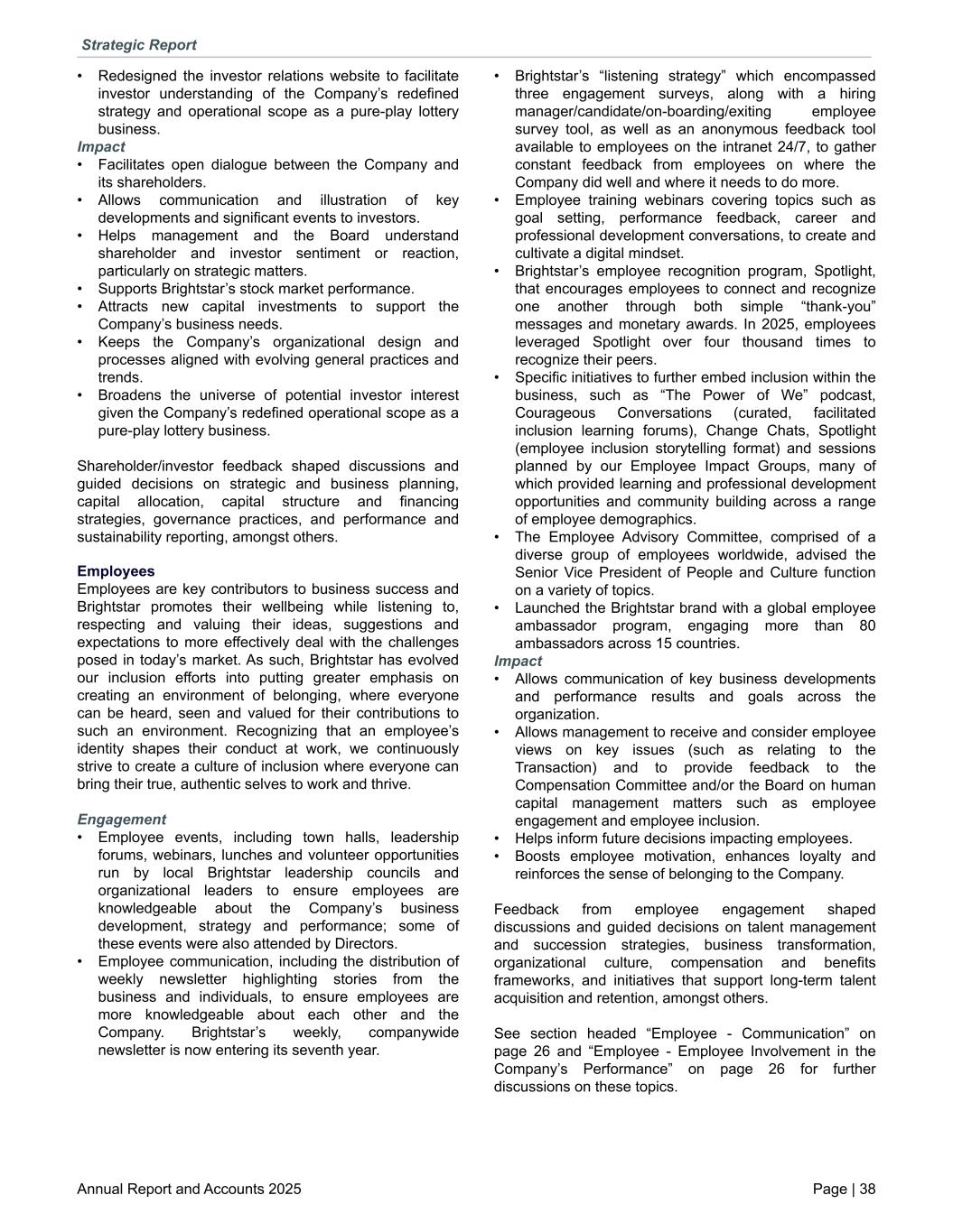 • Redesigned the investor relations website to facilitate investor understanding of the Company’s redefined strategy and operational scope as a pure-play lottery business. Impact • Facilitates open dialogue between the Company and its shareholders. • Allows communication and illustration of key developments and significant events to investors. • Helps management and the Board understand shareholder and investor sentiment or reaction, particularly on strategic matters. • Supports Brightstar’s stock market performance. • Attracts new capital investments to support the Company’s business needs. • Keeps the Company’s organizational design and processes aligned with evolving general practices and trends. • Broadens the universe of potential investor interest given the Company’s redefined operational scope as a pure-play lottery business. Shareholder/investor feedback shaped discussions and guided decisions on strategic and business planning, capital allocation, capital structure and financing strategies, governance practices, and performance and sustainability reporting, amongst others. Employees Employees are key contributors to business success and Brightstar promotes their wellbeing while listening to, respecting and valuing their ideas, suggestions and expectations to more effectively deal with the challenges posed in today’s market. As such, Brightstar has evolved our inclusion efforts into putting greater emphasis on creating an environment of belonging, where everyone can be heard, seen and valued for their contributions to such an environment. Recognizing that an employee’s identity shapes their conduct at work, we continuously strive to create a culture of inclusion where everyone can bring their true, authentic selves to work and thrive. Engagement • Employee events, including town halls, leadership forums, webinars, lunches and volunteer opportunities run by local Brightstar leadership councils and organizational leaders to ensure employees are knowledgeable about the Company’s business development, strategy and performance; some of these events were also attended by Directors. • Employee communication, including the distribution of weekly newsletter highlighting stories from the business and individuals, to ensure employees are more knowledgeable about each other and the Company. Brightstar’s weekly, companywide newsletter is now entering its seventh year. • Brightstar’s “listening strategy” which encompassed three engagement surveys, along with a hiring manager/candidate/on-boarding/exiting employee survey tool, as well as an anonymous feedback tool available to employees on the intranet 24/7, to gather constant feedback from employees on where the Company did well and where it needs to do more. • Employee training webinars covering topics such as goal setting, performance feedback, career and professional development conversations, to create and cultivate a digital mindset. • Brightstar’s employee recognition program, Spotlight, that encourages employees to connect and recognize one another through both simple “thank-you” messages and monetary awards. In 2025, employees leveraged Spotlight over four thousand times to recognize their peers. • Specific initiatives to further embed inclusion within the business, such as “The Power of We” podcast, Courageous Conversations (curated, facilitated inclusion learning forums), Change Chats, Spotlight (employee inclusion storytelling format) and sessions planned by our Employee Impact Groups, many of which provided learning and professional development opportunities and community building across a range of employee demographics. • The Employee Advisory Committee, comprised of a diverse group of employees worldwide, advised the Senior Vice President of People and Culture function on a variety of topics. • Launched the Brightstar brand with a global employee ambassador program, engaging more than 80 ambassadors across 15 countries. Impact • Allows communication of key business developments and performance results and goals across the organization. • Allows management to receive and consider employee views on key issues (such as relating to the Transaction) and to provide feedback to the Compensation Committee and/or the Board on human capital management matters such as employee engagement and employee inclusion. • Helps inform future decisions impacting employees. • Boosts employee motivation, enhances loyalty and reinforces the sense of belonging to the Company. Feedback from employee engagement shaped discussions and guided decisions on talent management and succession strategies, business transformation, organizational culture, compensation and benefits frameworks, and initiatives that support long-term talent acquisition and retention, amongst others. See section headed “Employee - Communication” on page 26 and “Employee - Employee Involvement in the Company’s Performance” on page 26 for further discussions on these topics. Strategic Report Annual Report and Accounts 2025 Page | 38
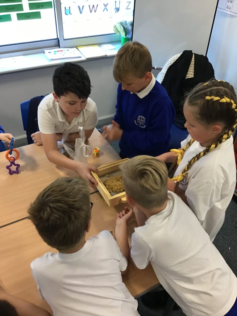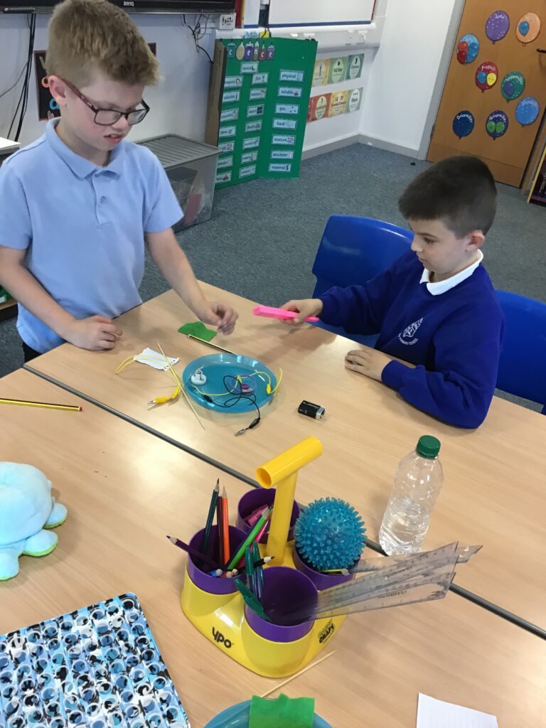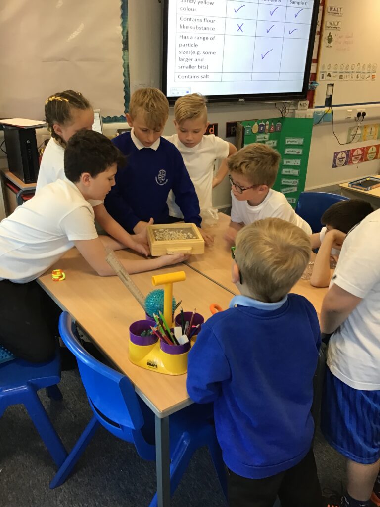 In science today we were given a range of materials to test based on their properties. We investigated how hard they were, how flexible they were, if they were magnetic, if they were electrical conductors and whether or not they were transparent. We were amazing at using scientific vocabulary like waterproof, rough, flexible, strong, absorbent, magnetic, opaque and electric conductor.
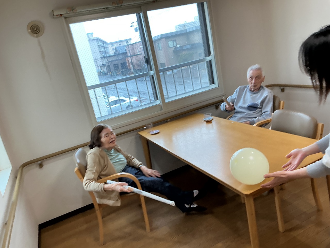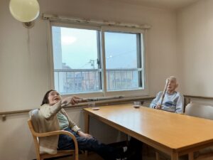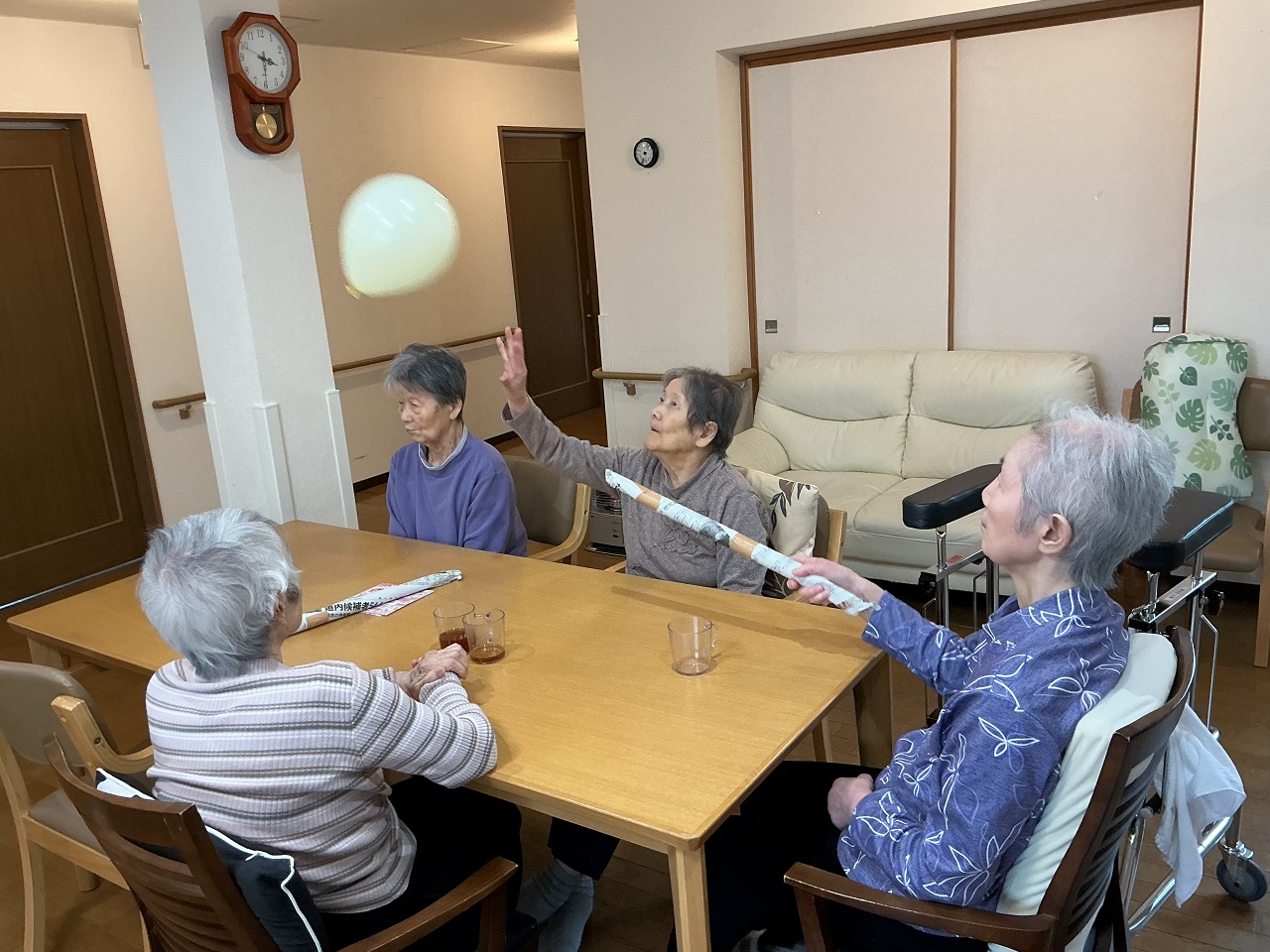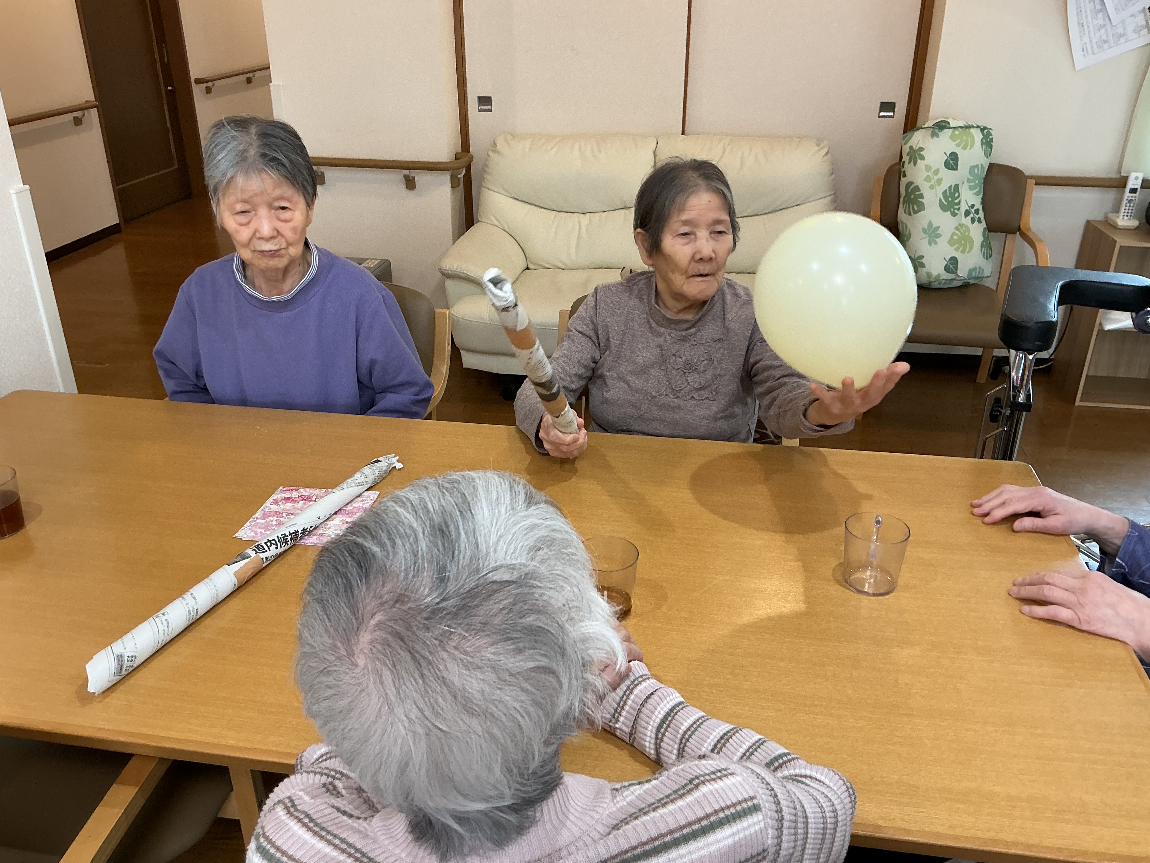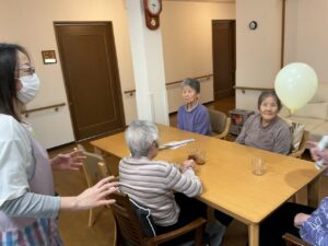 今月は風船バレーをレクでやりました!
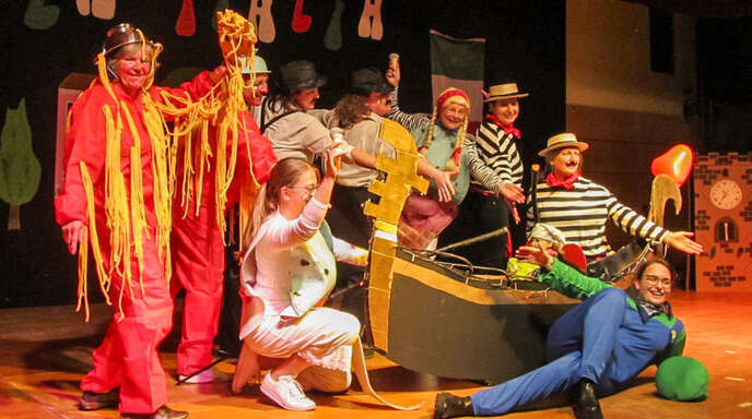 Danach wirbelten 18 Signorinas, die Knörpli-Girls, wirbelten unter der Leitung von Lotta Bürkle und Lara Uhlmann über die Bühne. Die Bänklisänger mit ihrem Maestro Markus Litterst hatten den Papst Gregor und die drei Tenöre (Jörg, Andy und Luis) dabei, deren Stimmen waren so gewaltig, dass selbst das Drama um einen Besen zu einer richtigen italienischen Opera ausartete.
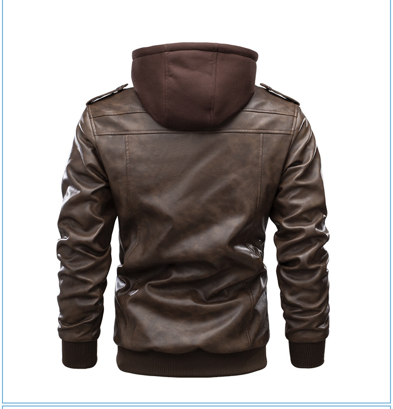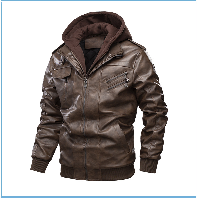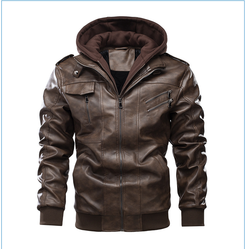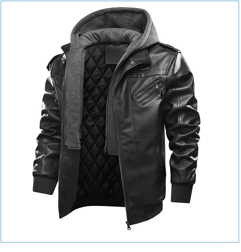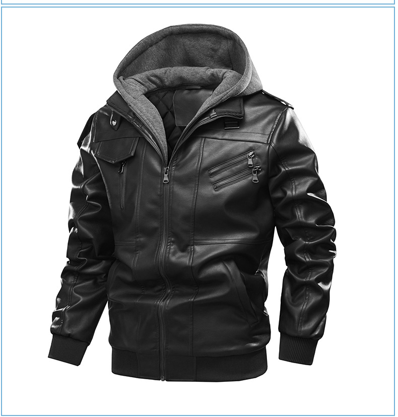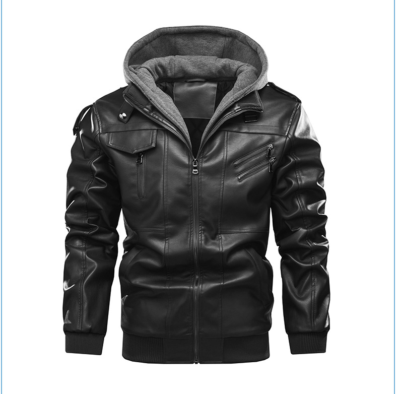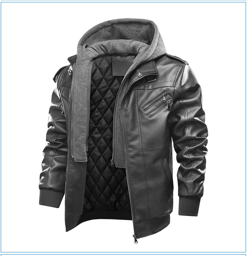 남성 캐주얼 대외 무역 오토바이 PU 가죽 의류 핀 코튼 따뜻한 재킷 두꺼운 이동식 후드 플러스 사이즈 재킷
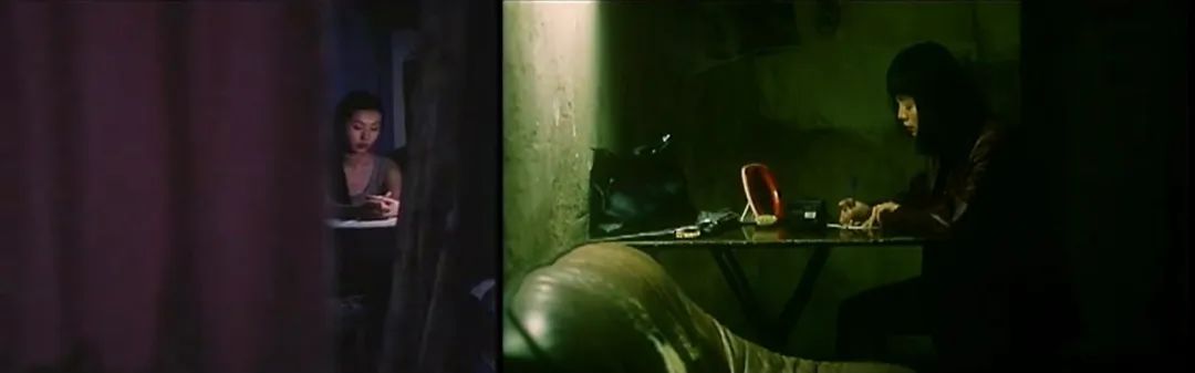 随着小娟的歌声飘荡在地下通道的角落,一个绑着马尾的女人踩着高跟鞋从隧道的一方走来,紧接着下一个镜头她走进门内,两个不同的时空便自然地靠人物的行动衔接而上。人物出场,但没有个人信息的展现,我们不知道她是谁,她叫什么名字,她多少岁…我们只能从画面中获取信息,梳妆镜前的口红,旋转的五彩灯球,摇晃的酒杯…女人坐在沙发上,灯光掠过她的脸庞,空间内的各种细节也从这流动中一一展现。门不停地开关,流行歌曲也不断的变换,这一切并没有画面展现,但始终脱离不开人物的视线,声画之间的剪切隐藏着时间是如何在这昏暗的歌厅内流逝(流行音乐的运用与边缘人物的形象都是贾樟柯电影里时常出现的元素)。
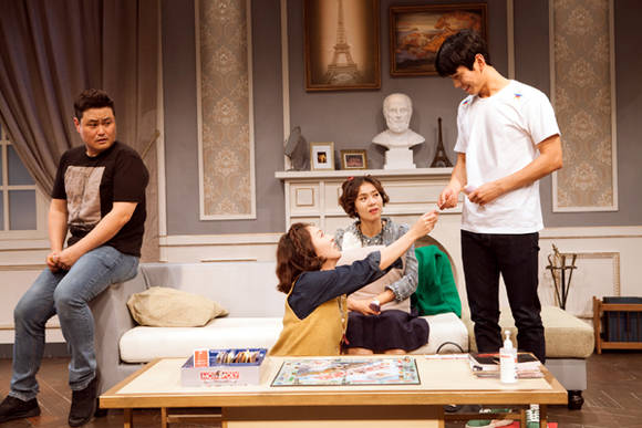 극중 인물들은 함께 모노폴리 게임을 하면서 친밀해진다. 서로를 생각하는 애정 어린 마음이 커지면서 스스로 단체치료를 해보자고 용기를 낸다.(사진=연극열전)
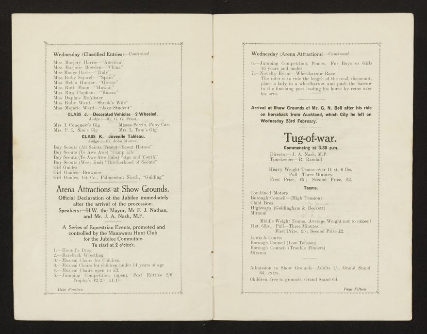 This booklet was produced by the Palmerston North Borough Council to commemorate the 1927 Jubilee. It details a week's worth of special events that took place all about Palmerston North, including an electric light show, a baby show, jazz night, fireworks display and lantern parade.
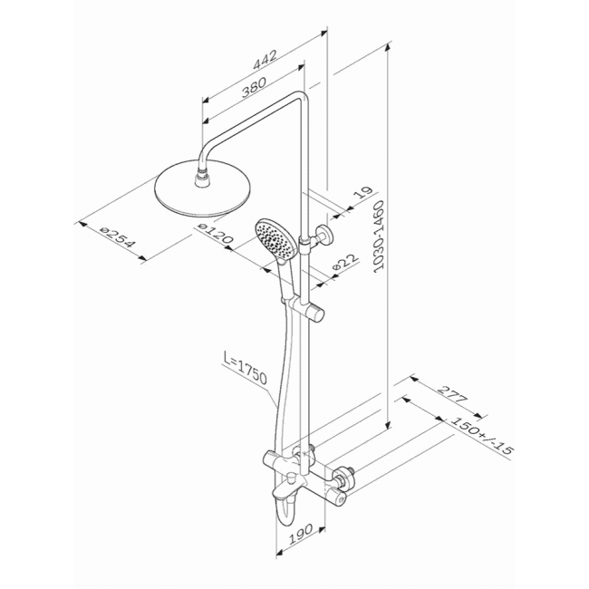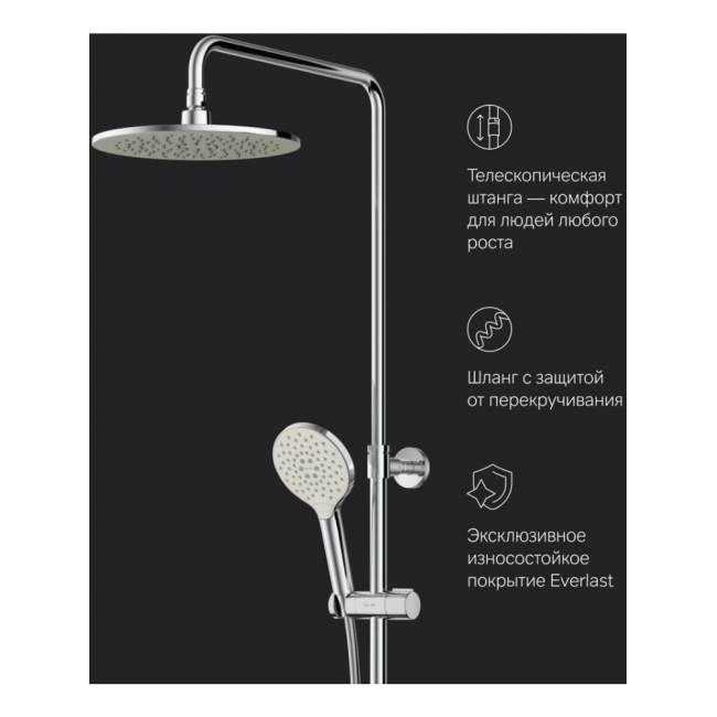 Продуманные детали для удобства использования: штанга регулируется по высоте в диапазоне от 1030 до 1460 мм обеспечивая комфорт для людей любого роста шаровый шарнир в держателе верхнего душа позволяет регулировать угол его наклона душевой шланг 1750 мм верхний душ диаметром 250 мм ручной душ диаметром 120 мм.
------------------------------------------------
_Task directions_.
With pictures excluded, reproduce exactly the lines above from the one containing "今月は風船バレーをレクでやりました!" down to the one containing "남성 캐주얼 대외 무역", those two included.

_Answer box_.
 今月は風船バレーをレクでやりました!
 Danach wirbelten 18 Signorinas, die Knörpli-Girls, wirbelten unter der Leitung von Lotta Bürkle und Lara Uhlmann über die Bühne. Die Bänklisänger mit ihrem Maestro Markus Litterst hatten den Papst Gregor und die drei Tenöre (Jörg, Andy und Luis) dabei, deren Stimmen waren so gewaltig, dass selbst das Drama um einen Besen zu einer richtigen italienischen Opera ausartete.
 남성 캐주얼 대외 무역 오토바이 PU 가죽 의류 핀 코튼 따뜻한 재킷 두꺼운 이동식 후드 플러스 사이즈 재킷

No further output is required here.